For most people, having a car isn’t a choice. It’s required to go to the office, for groceries, to see friend —basically to go almost anywhere. How can you keep this required purchase from breaking your monthly budget and get a car that suits your preferences? In general, the answer is to go with “as little as you can.”
Morgan Housel, a great writer for The Motley Fool, says saving money boils down to making good choices on the three biggest expenses in your adult life: the house you buy, the car you buy, and how much you pay for college.
There are several formulas that can be followed in order to buy a car that suits your budget
1.The price of your car should not exceed your annual salary
There’s a very simple calculation that can guide you on how much you should spend on a car. The car you can afford to buy is the one with a price that costs less than your monthly gross salary multiplied by 12.A fresh graduate with a starting salary of roughly RM2,700 would have an annual gross income of RM32,400.
Using that as a guide, an affordable car to purchase would be the Perodua Axia, with the E variant priced at RM23,367 (not inclusive of car insurance) being the safest bet of all. Something like a Proton Saga 1.3 Standard manual should be considered a splurge at RM32,800, but still somewhat attainable.
However, always consider the long-term financial implications of taking on a car loan that outnumbers your annual salary.
2. Not more than 15 per cent of your salary for monthly instalments
If said fresh graduate decides to purchase said Perodua Axia and takes a five-year loan with a 10 per cent downpayment and 3 per cent interest rate (estimated), they would be paying roughly RM400per month, which is just under 15 per cent of a RM2,700 pay check.
Bumping the term up to seven or nine years will bring monthly repayments down to about and RM250 respectively.
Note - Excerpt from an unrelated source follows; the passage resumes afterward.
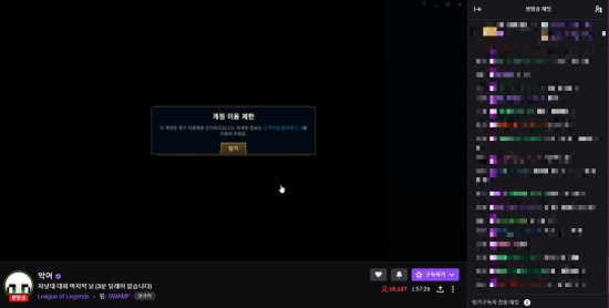 ÇÏÁö¸¸ ÀÌ·± ´ëÀÀÀº ¡®LoL¡¯ ºñ°øÀΠģ¼± ´ëȸÀÎ ¡®2020 AMD ÀÚ³º´ë¡¯ ÁøÇà Áß ÀÎÅÍ³Ý °³Àιæ¼Û ½ºÆ®¸®¸Ó ¡®¾Ç¾î¡¯°¡ ¿µ±¸ Á¤Áö´çÇÏ¸é¼ ºñÆÇ¿¡ È۽ο´´Ù. ´ç½Ã ½ÃûÀÚ´Â 25¸¸ ¸í¿¡ ´ÞÇß°í °³ÀΠȸéÀ̳ª Ä«¸Þ¶ó¸¦ ÅëÇØ ¹«°í Á¦Àç¶ó´Â Áõ°Åµµ ¸íÈ®Çß´Ù. ÇØ´ç »ç°ÇÀº ¿À·ù·Î ÀÎÇÑ ¹«°í Á¦Àç·Î ÆÇÁ¤, °èÁ¤ Á¤Áö Áï½Ã ÇØÁ¦·Î ÀϴܶôµÆ´Ù.

Some opt for the latter simply because less seems better but it’s easy to forget that the longer the term of your car loan, the more interest you’ll end up paying.
Remember, the value of the car will soon depreciate. You don’t want to be tied to a long-term liability when the car is losing value. It is advisable to keep the loan repayment period as short as possible.
3. Used or new car?
The cars mentioned thus far may not sound very exciting, but buying a car according to your income can keep you from burdening yourself with debt at a young age. However, you can also consider purchasing a used car as your first vehicle if you want a wider pool of options while staying away from high financial burdens. With depreciation already taking its toll, used cars could be a wise choice for prudent buyers.
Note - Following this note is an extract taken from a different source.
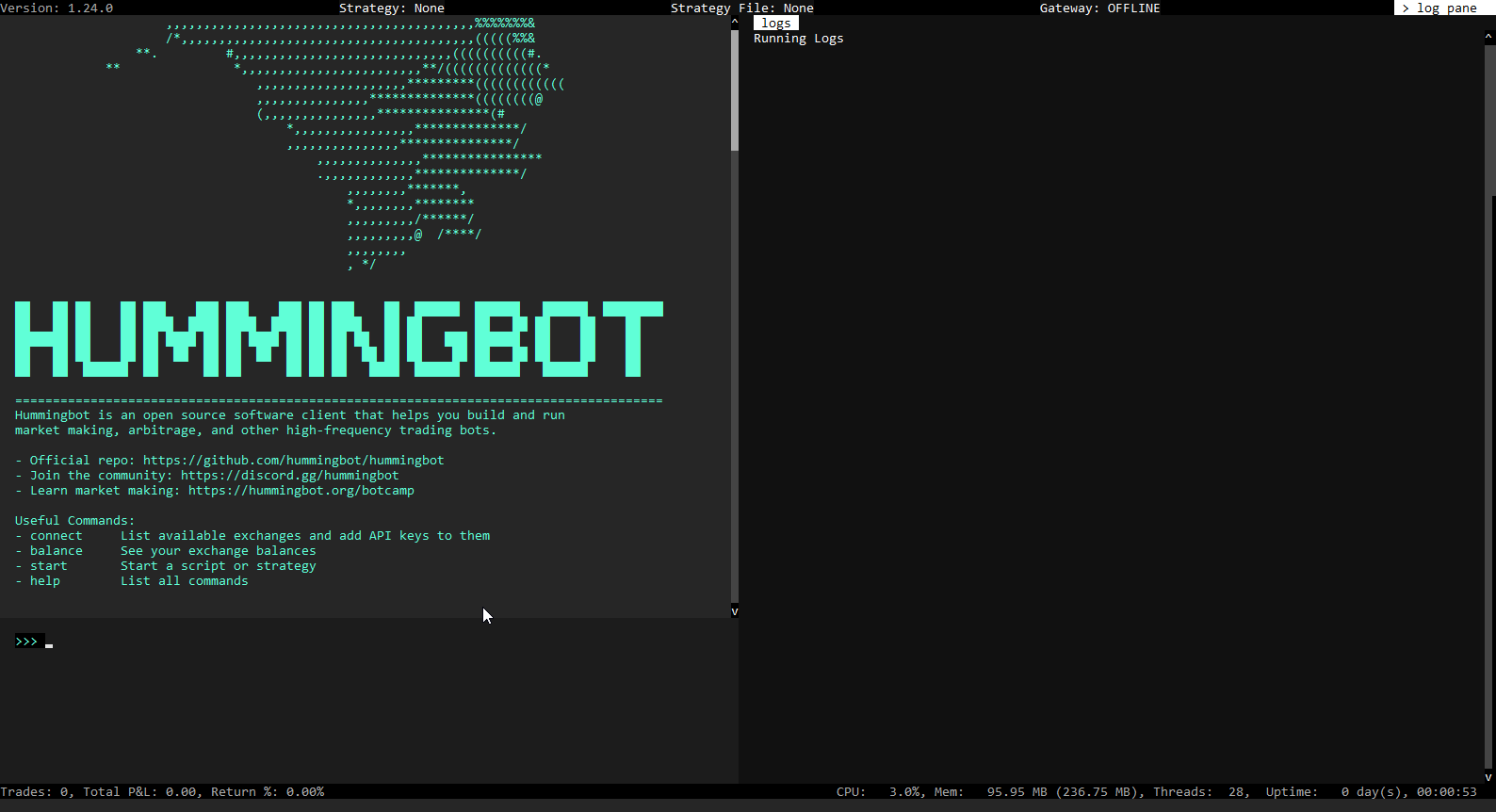 Now, install Hummingbot by following the installation process. The easiest way to get started is to clone the Github repo and launch the Docker image:

The main thing to consider when purchasing a used car is the cost of maintenance, as they come with more wear and tear and often have little to no warranty coverage left. With sufficient research and careful inspection of the car you’re planning to purchase, it is definitely possible for the savings to outweigh the incidental costs of keeping an older car running in tip-top condition.
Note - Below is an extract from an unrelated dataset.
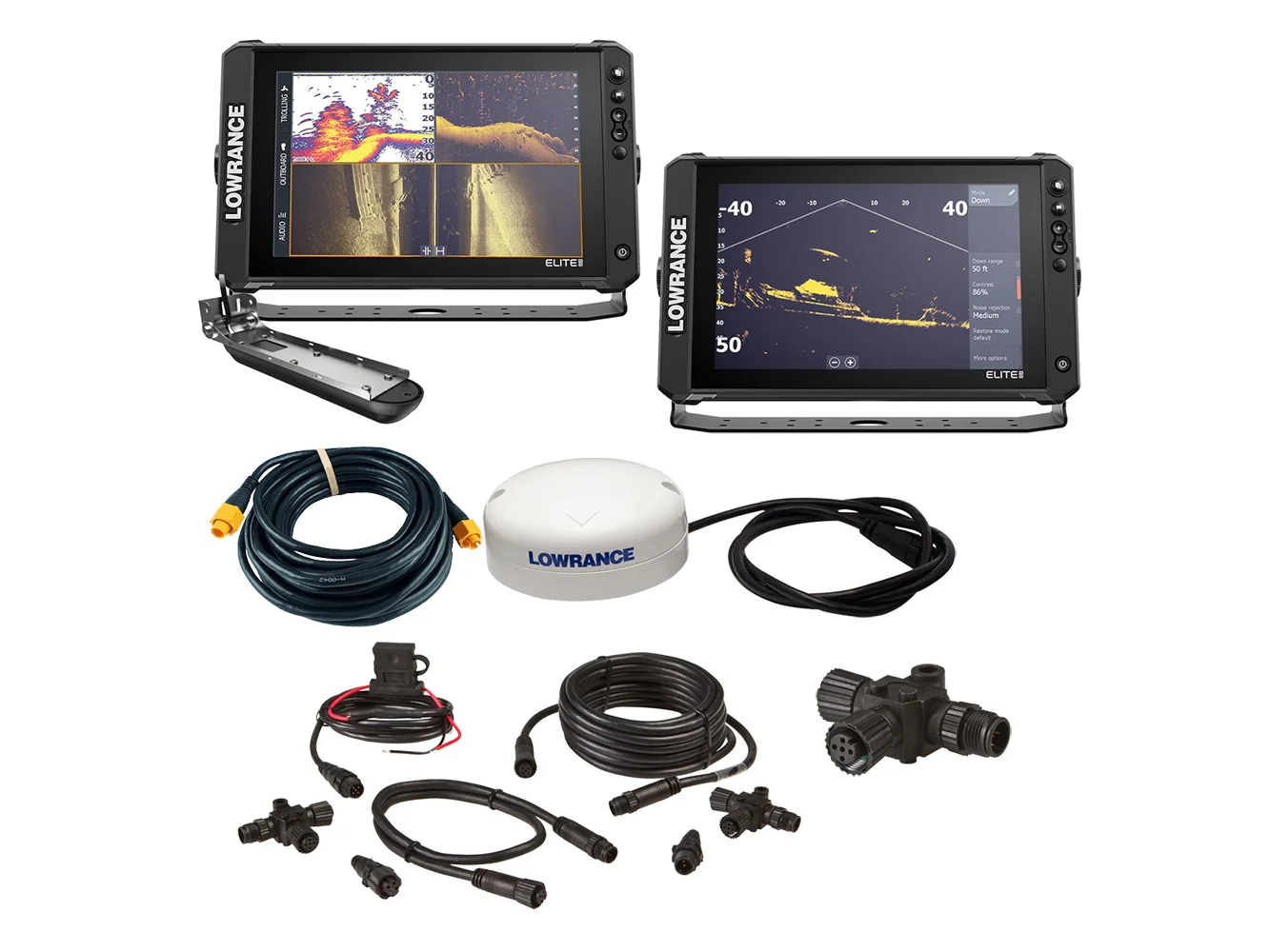 Lowrance Elite™ FS 12 BOAT in A BOX with Active Imaging 3-in-1 – 2 Displays, TD, GPS Antenna, Starter Kit, 25′ Ethernet Cable

Again, there is no shame in buying a smaller or second-hand car if you’re just starting out. It is better to utilise the extra money you have to build your savings and grow your wealth.
To conclude, the best way to know whether you can afford a new car or not is by taking into account all basic expenses such as accommodation, food, family, savings, investments and other needs first before splurging on a new set of wheels.